Problem to solve - Print only what runs from the line that includes "正解は、、、〒579-803" to the end of the listing, word for word, and do not include any pictures.

Entries supplied -
• • • • •
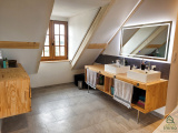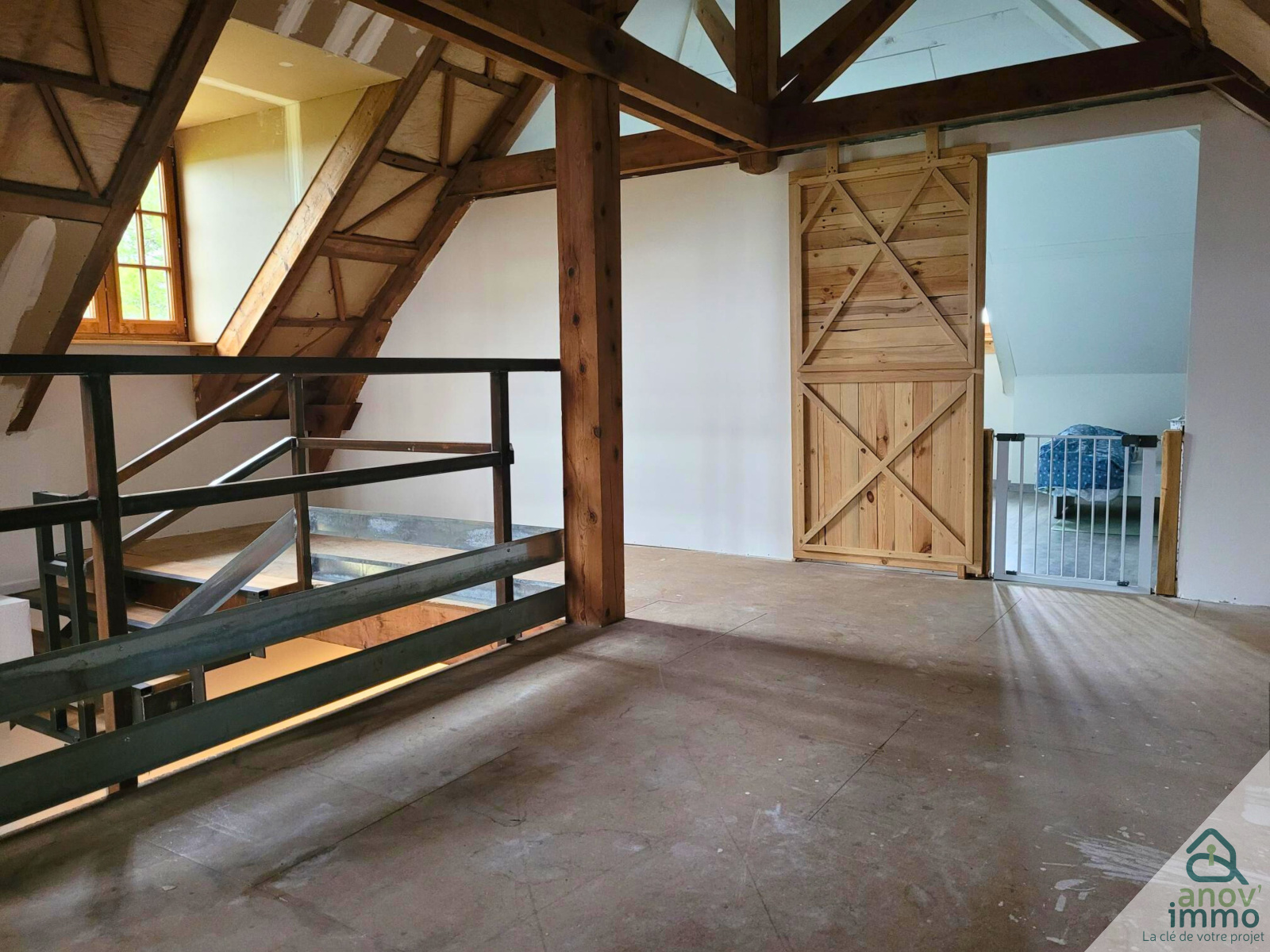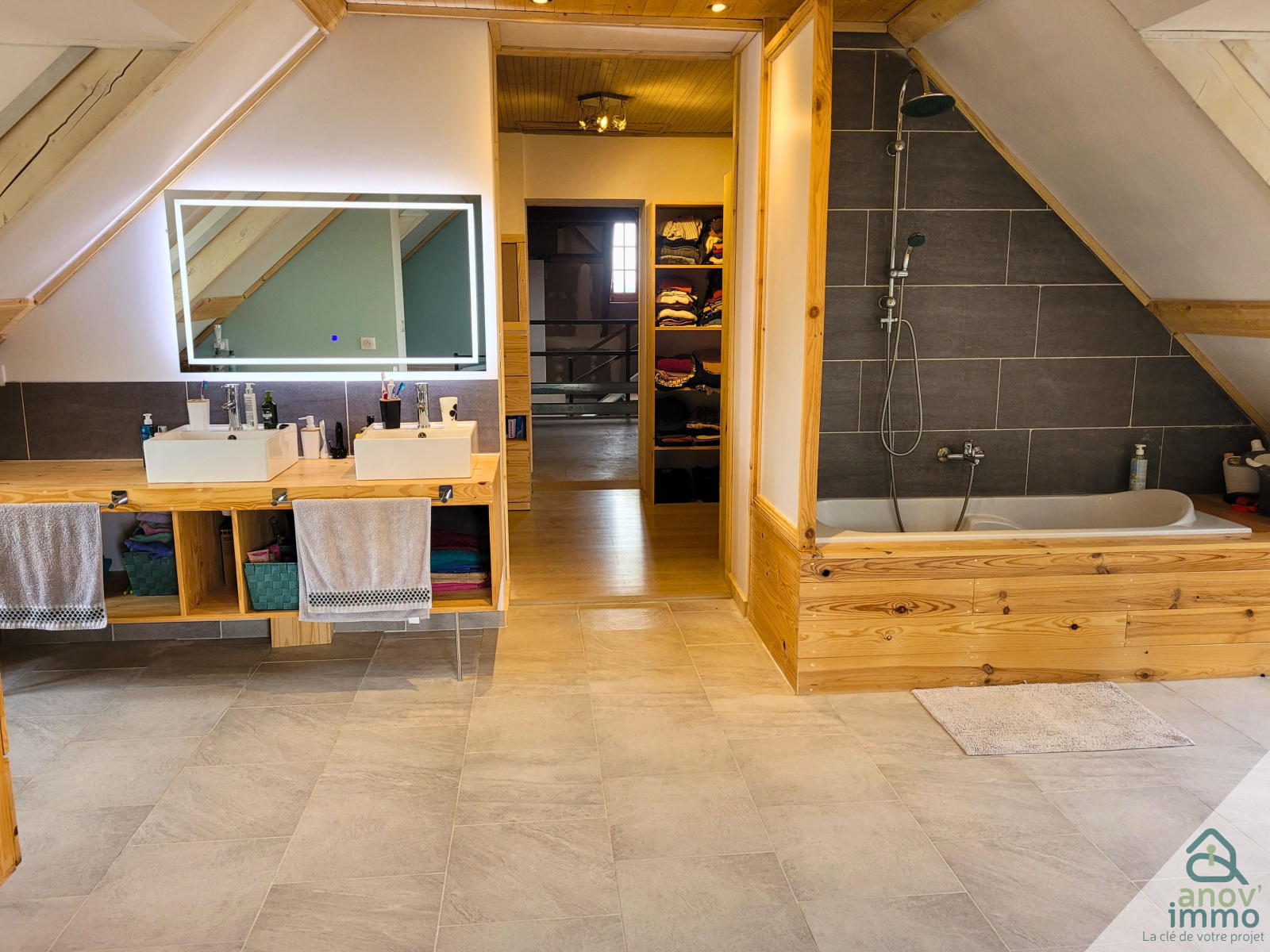 A l'étage, une mezzanine avec sa chapente Compagnon Du Devoir, 2 chambres dont une suite parentale avec salle de bain et dressing et un bureau.
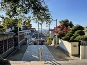 正解は、、、〒579-8033 大阪府東大阪市出雲井町2付近、枚岡神社二の鳥居を背に西へ向かって撮影しました。鳥居をくぐり坂を上ると枚…
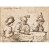 Dans le goût de Giovanni Francesco Barbieri dit Le Guerchin (Cento 1591-Bologne 1666) Les joueurs Plume et encre brune 24,5 × 33,5 cm (Rousseurs, pliure au centre)
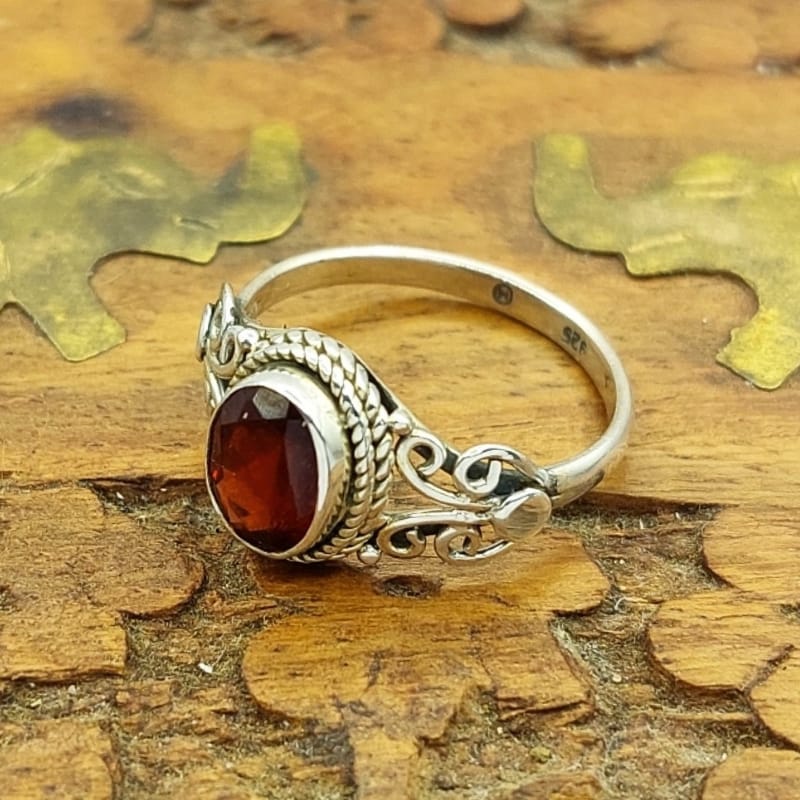 Este anel de prata 925 Bali é uma escolha elegante para aqueles que buscam qualidade e ficaram em suas joias. A granada lapidada é uma pedra natural que traz um toque de cor ao anel, enquanto a prata 925 adiciona brilho e tolerância. Este anel de design exclusivo é feito à mão com habilidade e precisão.
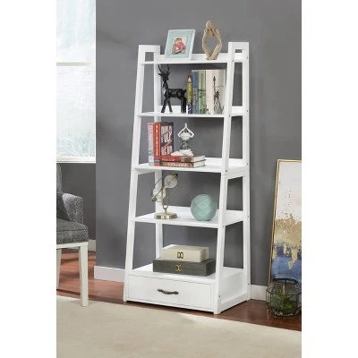 Add a new look to your living room with this bookshelf. It Features a ladder structure in a contemporary style. This piece offers five shelves and one drawer to store and display your books and decor items. The rich finish will bring a unique touch to your home decoration while the solid structure ensures stability.
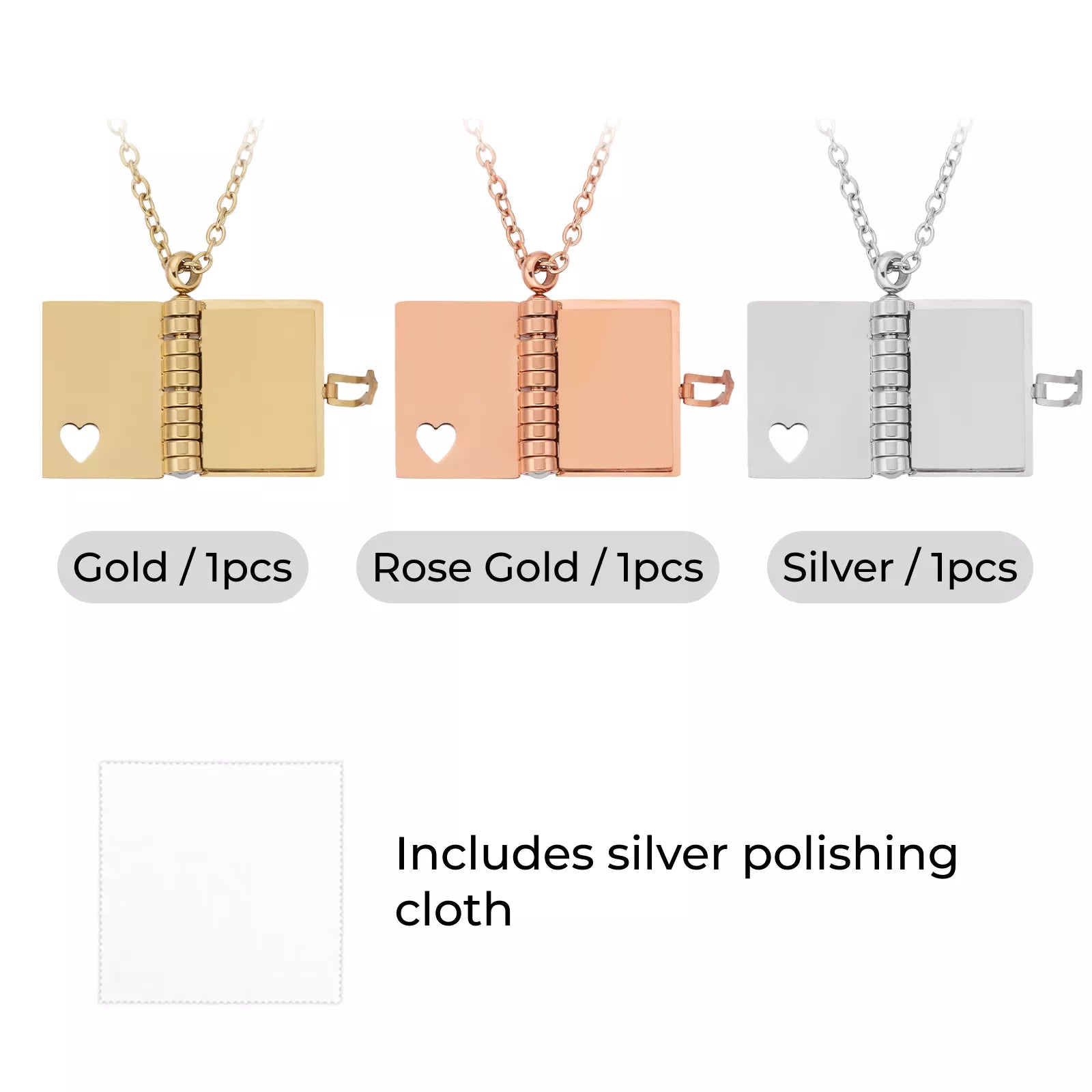 - Lieferumfang3 x Edelstahl Buch-Locket Halskette
• • • • •
Result of the task -
 正解は、、、〒579-8033 大阪府東大阪市出雲井町2付近、枚岡神社二の鳥居を背に西へ向かって撮影しました。鳥居をくぐり坂を上ると枚…
 Dans le goût de Giovanni Francesco Barbieri dit Le Guerchin (Cento 1591-Bologne 1666) Les joueurs Plume et encre brune 24,5 × 33,5 cm (Rousseurs, pliure au centre)
 Este anel de prata 925 Bali é uma escolha elegante para aqueles que buscam qualidade e ficaram em suas joias. A granada lapidada é uma pedra natural que traz um toque de cor ao anel, enquanto a prata 925 adiciona brilho e tolerância. Este anel de design exclusivo é feito à mão com habilidade e precisão.
 Add a new look to your living room with this bookshelf. It Features a ladder structure in a contemporary style. This piece offers five shelves and one drawer to store and display your books and decor items. The rich finish will bring a unique touch to your home decoration while the solid structure ensures stability.
 - Lieferumfang3 x Edelstahl Buch-Locket Halskette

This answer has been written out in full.